We live on the surface of this planet, but it seems that most people blithely go by without thinking about it. To them, the earth is merely the stage setting for the exciting play of their lives, where THEY are the star. To others, the world is just a flat strip of dirt with trees and allergens on it. And to others still, I mean I honestly wonder if it is anything at all for them because so many people take it for granted and aren’t hyperventilating over industrial pollution and the Greed of Man spoiling it for everyone, for generations, possibly forever!
But none of that for now. No need to panic in paragraph one. I am here to get you, the reader, better acquainted with the world on which we live. Not the societies, but the Earth itself. And not some sort of science lesson about environment and ecosystem. Who do you think I am, Bill Nye?
You will find that there are various notions on what the Earth is, even. And I’m not going to include the one where the world is lovingly cupped in the strong, capable hands of Robbie Williams. That one’s just for me.
A Rock with Plants and Stuff on It
People with no imagination will stand right up and announce that this is just a planet, like “probably a million others, somewhere” that happens to be able to support life. This earth is characterized as a clod of dirt, essentially. Like a dead stump that has mushrooms growing on it, practically. This is an unexciting world view.
A Flat Disc in Space
Flat earthers and tortoise back believers more or less agree that the earth isn’t even a planet like the others we can see. It is on a table top of some sort, maybe hovering in space, maybe on a tortoise’s back, maybe we are just actually set on a table top, like the little model train town in Beetlejuice; I am sure there are endless variations to this theme. As far as I know (since I have not bothered to research their beliefs), they do not think of the Earth as a living being. It is an actual stage and most, if not all, scientific facts that govern our existence do not apply to them because they don’t wanna.
My original child interpretation of the earth was actually Mother Nature on the Smurfs. They seemed interchangeable to me, so I imagine that there are people who believe in a world like this. To them, the earth is a lump of dirt with nature on it, and there is a form that the earth’s spirit takes that looks like a kindly old woman who has bird nests in her hair and robes covered in wildflowers and moss. She shows favoritism to the animals of the forest and will appear to teach Evil Mankind (and the viewing audience) a lesson. We love this earth like she is our grandma, not our mother.

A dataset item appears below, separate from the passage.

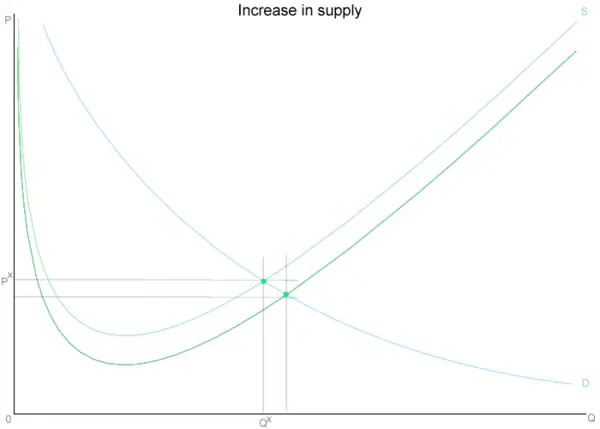 If the supply curve increases (such as an excise tax burden), the new equilibrium will have higher quantity and lower price; if it is lowered, the reverse happens.

Gross Pregnant Fertility Goddess
When I searched for “mother earth” on the internet, I discovered image after image of the earth in place of a big pregnant belly. This leads me to figure that there must be people who believe that the planet is seen as an orb from space, but if we were mystically inclined, we could “see” the all-mother that surrounds it, cradling her giant earth belly and… giving birth some day? I guess? Or she’s been heavily pregnant for five billion years with no relief in sight.
A Creature That Is without Gender
A lot of people, (including astronauts I have heard and so I am inclined to gravitate towards this one), refer to our planet as a living organism. It self-regulates all across its globe in a way that a whole living body does. I am not sure if they think that all of the animals (including us) are specialized cells on it, or if we are just incidental. But the earth is just a really big living thing — not a mother, not a lady. It is beyond those notions.
That, but More Aware
This living planet orb on which we dwell is a living, breathing organism, but it experiences time differently. To it, maybe “one day” is maybe a thousand of our years. As such, all of the man-made pollution that has really cranked up in the past two hundred years or so might only just have been noticed by it. Maybe it will become aggravated. Maybe it will give a mighty shake of its surface, like a dog shaking away water. Maybe it will be like, “Ugh, another infestation? I’ll secrete some magma worldwide and start this over. How annoying these things are.”
That, but Less Indifferent
Maybe the Earth is actually an angry god? Still on that enormous geological timescale, but once it notices us, it will angrily crush us and take pleasure in it. Maybe it will be more like, “my soils need to be enriched with the blood of these disgusting human ticks.” Maybe it will open up a canyon of teeth and grind us up by the million. A voice will boom out of what we think is the sky, and people will fall to the ground thinking it is God In Heaven, but NO it is the Earth, the only thing we should have ever revered and now we are ALL DEAD but it lives on in peace, all of it to be repeated in another hundred million years.